Surely they know you and DH don't get on? Are you trying to hide that too? What good is that?
Its certainly been a struggle for me and one I've only just got to the point of beginning to win through to win DiL's trust, and she has been actively unkind at times and wanting DS to herself, but she is coming round on that one as now I am weller DS likes to be with me,
but she'll never confide in me, at least, not as yet. Thats OK: my family as a child rarely saw rellies at all, I was used to it, had few expectations, never did expect them to make it all all right, aware that I have MH support, take meds. (it occurs that that is why I'm able to share my being ill, it doesnt all fall on them?
I was an absent mother and mother in law through my son's 20's and paid the cost. Then with Ex they all learnt to trust us both and oh, terrific, Ex turns out to be abusive not just to me but directly to DiL.
So hardly surprising that in my last depression I felt that I had lost them all.
But I was wrong.

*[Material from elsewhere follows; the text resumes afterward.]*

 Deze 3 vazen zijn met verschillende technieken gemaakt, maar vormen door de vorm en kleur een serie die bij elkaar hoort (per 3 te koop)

Something about the way I was with the kids especially had lasted and when I did come out of the depression found they had kept me alive in their and childrens minds.
Could you say more you'd like to see them and be prepared to visit alone?
But also think it's time to really consider and get out of the marriage. What good does it do to stay in? I know there were some financial constraints, but what price happiness when you only have one life to live?
You will be more free to make friends, to do what you want when YOU want, cook for YOU, go to bed and gt up when YOU WANT, watch what you want when YOU want, stop looking after someone who can do it for himself?
Yes its hard being alone but what you have is worse
Today I did very little, too tired, but did some thinking ahead and above all its taken a lot of energy as in a direct WhatsApp put in just the right way to find out where I stood with the man who was so attentive to me at a meeting
- just lets say he is genuinely kind, was not leading me on but unaware and perhaps a bit thoughtless giving me so much attention at that point:
.... but already has a long term settled life which includes not just one special person but other friendships with women which frankly, were I the "special one", I wouldn't like at all, I want/need someone for me who wants similar enough things if there is to be another relationship.